▸ **EXERCISE REQUIREMENTS**: Keeping every word the same, give again only the lines from the one with "El número siete, de" through the end of the data, both included, and leave every picture out.

▸ **DATA PROVIDED**:
[Start of Attachment]

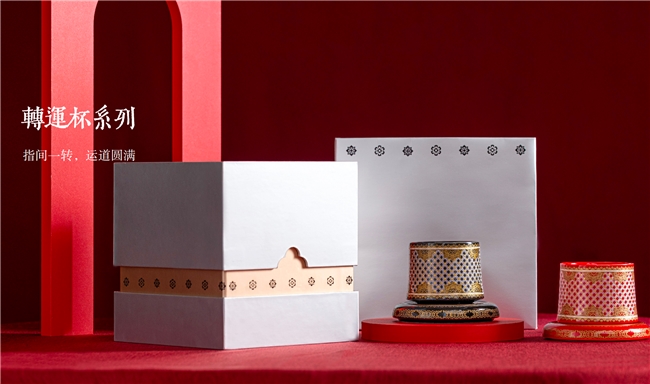 “飞黄腾达·小夜灯”则以山海经瑞兽“飞黄”为型,巧妙融合龙鳞纹饰与宋代“飞黄马钱”元素,轻轻拨动便呈现“飞黄腾达,马上转钱”的生动趣意。备受瞩目的“转运杯系列”则凭借独家专利实现杯身自由转动,寓意时来运转,其内嵌的“飞黄马钱”亦可取下作为指尖陀螺,让好运在掌心流转。
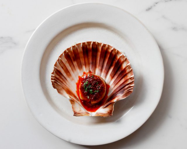 One of our most popular dishes is Orkney scallops with Jerusalem artichoke and nduja. The spice from the Nduja is tough to find a match with, but we have found it! The pairing is a skin contact Catarratto from the northwest coast of Sicily (Aldo Viola, Krimiso). The tannins from the skin contact work well with the heat of the nduja, and the sweetness from the wine and the brown butter is a marriage of love.
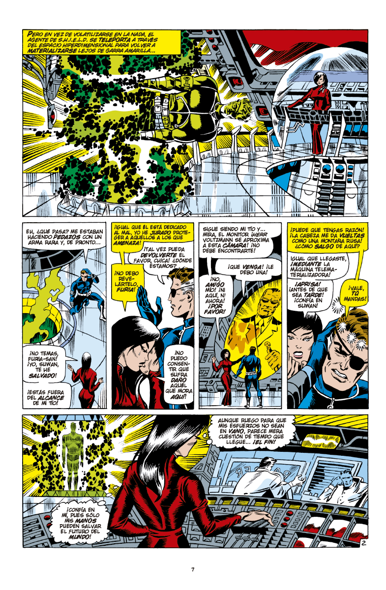 El número siete, de nuevo dibujado por Springer, es una historia de Archie Goodwin en la que plantea una historia en la que Furia es envenenado y tiene unas pocas horas de vida, lo que le hace alucinar y de esta forma se justifica la potente portada de Steranko de inspiración daliniana. El color de esta grapa es igualmente lamentable, pero me llama la atención que el dibujo de Springer no sea lo dinámico que resultó en las grapas anteriores, cuando se supone que dispuso más tiempo para dibujar estas páginas. No siendo mal comic para el standard de 1968, empezaba a quedar claro que el comic sin Steranko no era lo mismo.
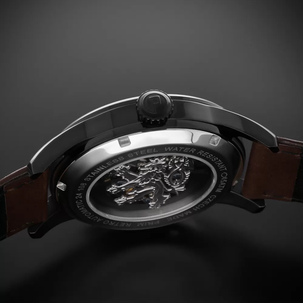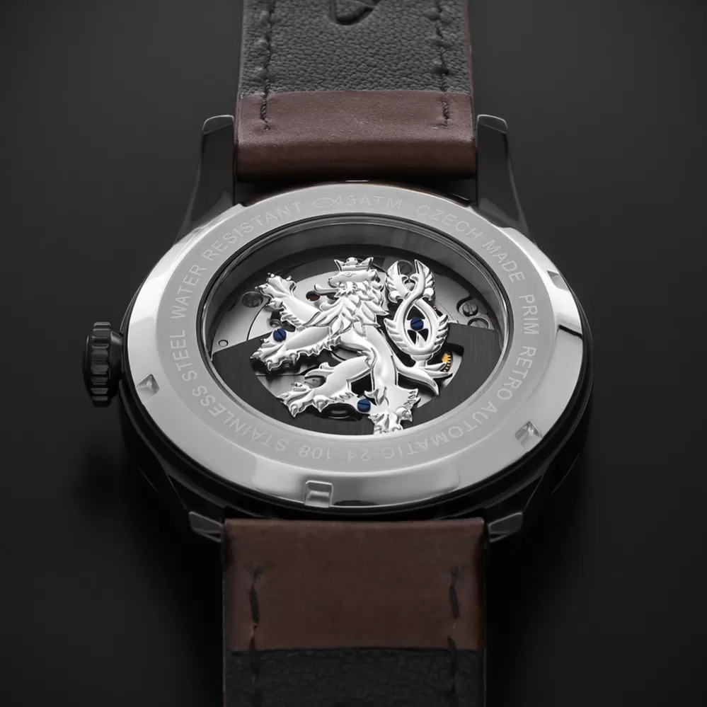 Představujeme vám automatické hodinky PRIM Retro Automatic 24, které spojují moderní retro design s elegancí a kvalitou. Tento model zaujme originálním 3D rotorem PRIM se symbolem lva a netradičním kulatým zobrazením data na pozici 3 hodiny, což perfektně doplňuje minimalistický vzhled. Pouzdro z nerezové oceli 316L je dostupné ve stříbrné, IP černé a zlaté barvě, s průzorem na zadním víčku. Hodinky disponují retro číselníkem s indexy a čísly, voděodolností 5 ATM a sekundovou ručičkou, která harmonizuje s celkovým designem. Kvalitní kožený řemínek s designovou sponou na trn přidává na komfortu a stylu. Na vývoji unikátního rotoru studio PRIM pracovalo přes 8 měsíců, což podtrhuje jedinečnost tohoto modelu. Dodávány jsou v elegantní krabičce s návodem, záručním listem a individuálním výrobním číslem.

[End of Attachment]

▸ **OUTPUT**:
 El número siete, de nuevo dibujado por Springer, es una historia de Archie Goodwin en la que plantea una historia en la que Furia es envenenado y tiene unas pocas horas de vida, lo que le hace alucinar y de esta forma se justifica la potente portada de Steranko de inspiración daliniana. El color de esta grapa es igualmente lamentable, pero me llama la atención que el dibujo de Springer no sea lo dinámico que resultó en las grapas anteriores, cuando se supone que dispuso más tiempo para dibujar estas páginas. No siendo mal comic para el standard de 1968, empezaba a quedar claro que el comic sin Steranko no era lo mismo.
 Představujeme vám automatické hodinky PRIM Retro Automatic 24, které spojují moderní retro design s elegancí a kvalitou. Tento model zaujme originálním 3D rotorem PRIM se symbolem lva a netradičním kulatým zobrazením data na pozici 3 hodiny, což perfektně doplňuje minimalistický vzhled. Pouzdro z nerezové oceli 316L je dostupné ve stříbrné, IP černé a zlaté barvě, s průzorem na zadním víčku. Hodinky disponují retro číselníkem s indexy a čísly, voděodolností 5 ATM a sekundovou ručičkou, která harmonizuje s celkovým designem. Kvalitní kožený řemínek s designovou sponou na trn přidává na komfortu a stylu. Na vývoji unikátního rotoru studio PRIM pracovalo přes 8 měsíců, což podtrhuje jedinečnost tohoto modelu. Dodávány jsou v elegantní krabičce s návodem, záručním listem a individuálním výrobním číslem.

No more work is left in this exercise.